Les opérations de restauration engagées depuis 1992 visent à fixer les sols à court terme par installation d’un couvert végétal et à y entreprendre de nouvelles formes d’agriculture douce à moyen terme.
Elles mettent en œuvre des techniques de génie civil (construction de barrages en pierre sèche dans les ravines, murets de soutènement de talus, renouvellement de micro-reliefs instables), de génie agronomique (récupération et épandage de terres arables, incorporation de compost organique, installation et paillage de plants) et de génie biologique (recherche et plantation d’espèces adaptées au terrain).
Les travaux entrepris sont très coûteux, de 20 000 à 60 000 euros par hectare en fonction de l’accessibilité des sites, de leur état initial et des objectifs de mise en valeur ultérieurs. Soixante dix sept pour cent du prix final est lié au travail de génie civil.
Jusqu’à 30 ha de padzas peuvent être réhabilités par an. A. mangium a été longtemps la principale espèce de reboisement des padzas. La récente observation de sa régénération naturelle incite le Service des eaux et forêts à rechercher d’autres espèces pour le remplacer. En pépinière cette année, A. mangium ne représente plus que 45 pour cent de la production (le reste étant représenté par M. comorensis et C. inophyllum).

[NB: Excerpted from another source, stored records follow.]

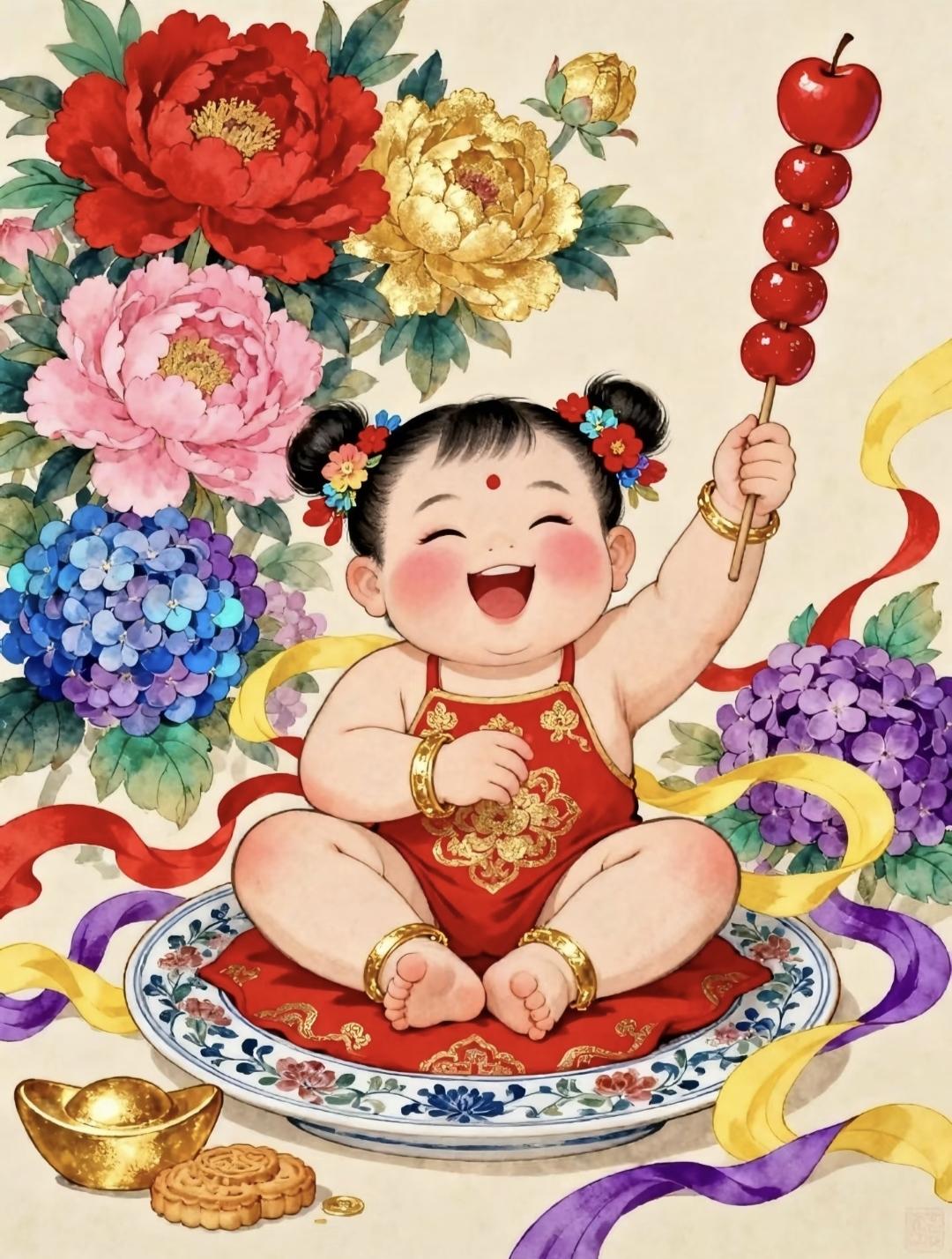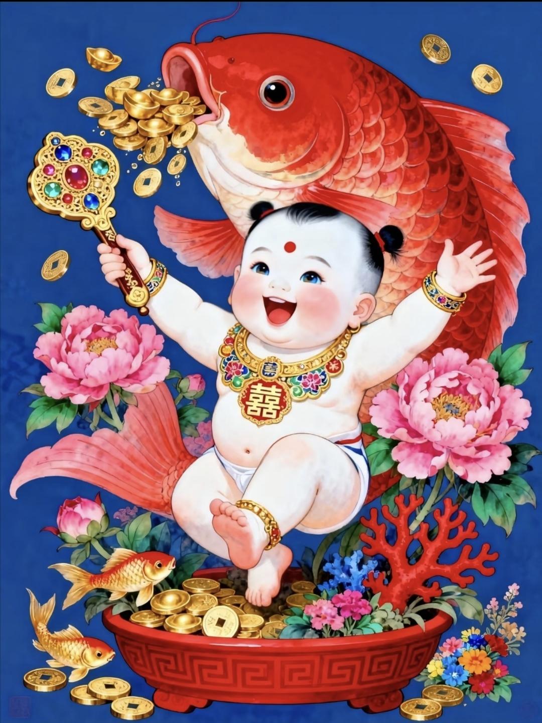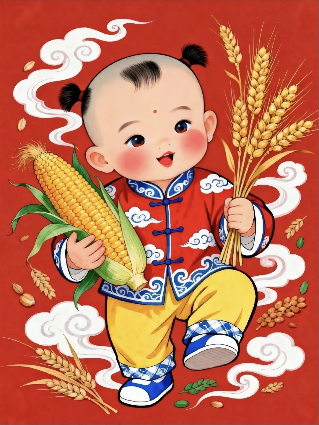 好运连连·年年有余·五谷丰登·富贵吉祥|年画娃娃 传统文化 绘画
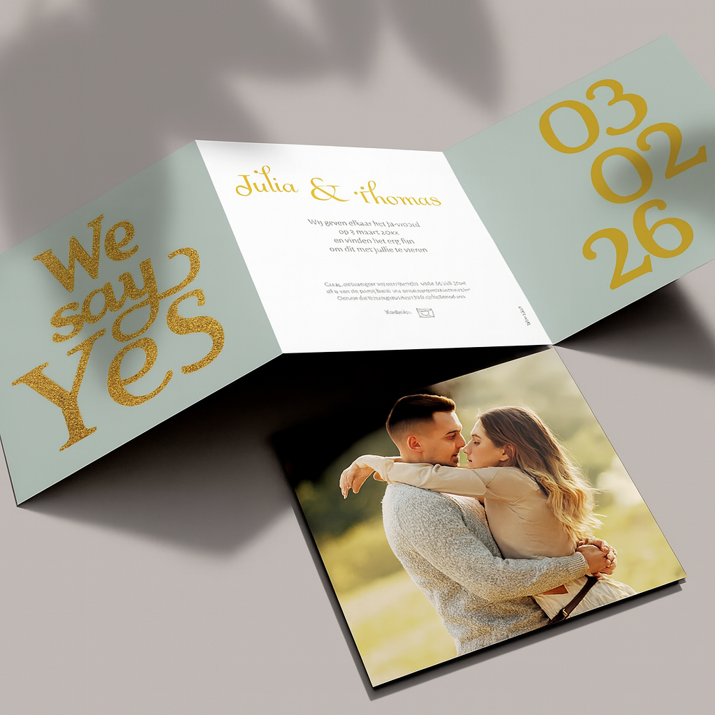 Trouwkaart drieluik met foto en goudkleurige letters zigzag
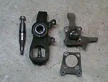 Spindles are carried by steering knuckles or "uprights".[1] Although, the terms "steering knuckle" and "upright are sometimes used interchangeably with "spindle", they refer to different parts.[2]
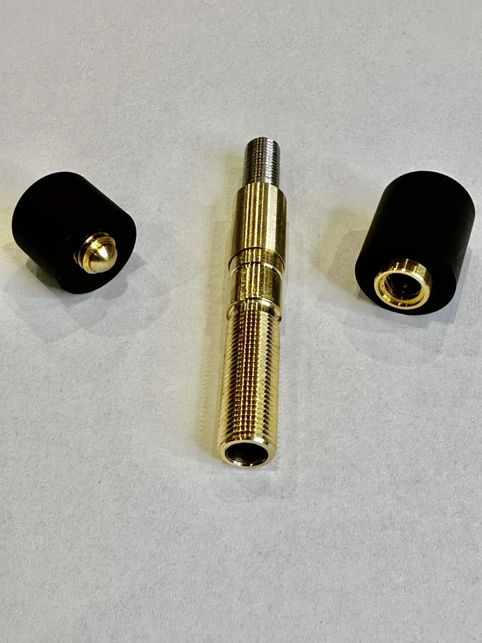 Виготовлена з бронзи і нержавійки, заглушка для кия зроблена з ебоніту всередині різьблення з бронзи.

Dans le schéma opérationnel de gestion de la Pointe Saziley, les auteurs recommandent l’utilisation d’espèces locales telles que Erythroxylum platycladum, Ochna ciliata ou le palmier Phoenix reclinata. Ces trois espèces ont d’ailleurs l’air naturellement présentes sur les padzas (com. Pers. Barthelat).

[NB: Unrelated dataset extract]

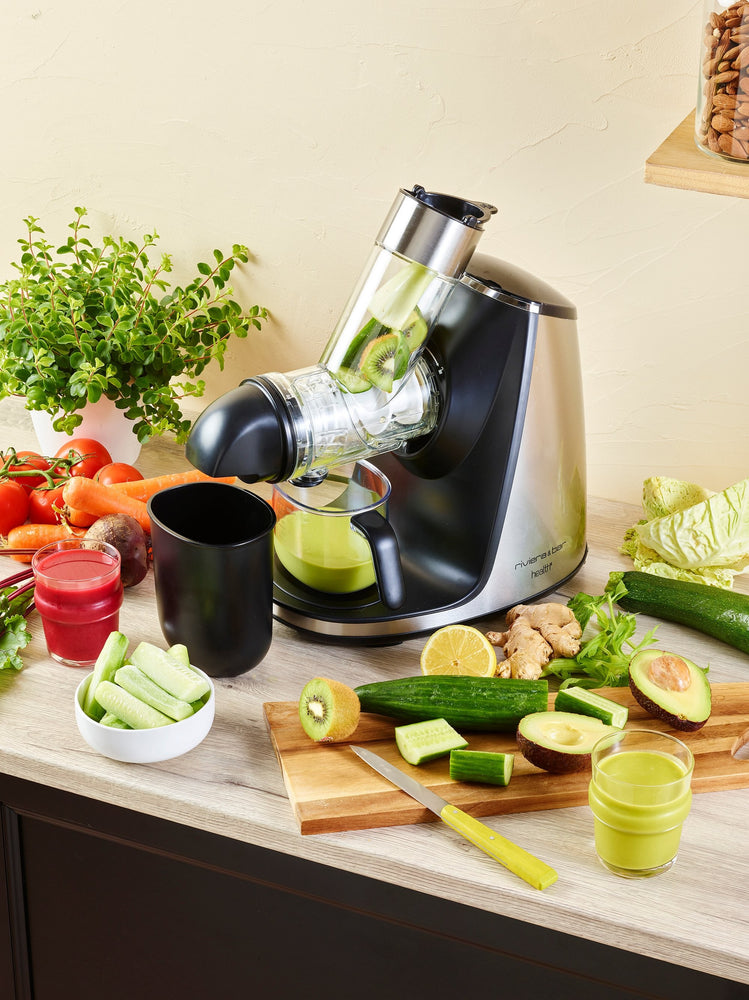 Voeg een vleugje verfijning toe aan uw dagelijks leven met de horizontale sapcentrifuge PEJ750 van riviera&bar. De keramische schroef behoudt de voedingsstoffen, het compacte roestvrijstalen ontwerp past overal en de brede trechter van 76 mm vergemakkelijkt het gebruik. Het apparaat is intuïtief te bedienen dankzij het aanraakscherm en maakt het ook mogelijk om sorbets en plantaardige dranken te bereiden. Eenvoudig te reinigen met vaatwasmachinebestendige onderdelen.

Le Service des eaux et forêts est aujourd’hui conscient que les espèces ‘standards’ dont la production et la croissance rapide peuvent révéler des performances telles dans le milieu insulaire de Mayotte que les espèces natives ne résistent pas à leur concurrence. Substituer les espèces standard par des espèces natives en replantation semble être aujourd’hui une priorité de la pépinière.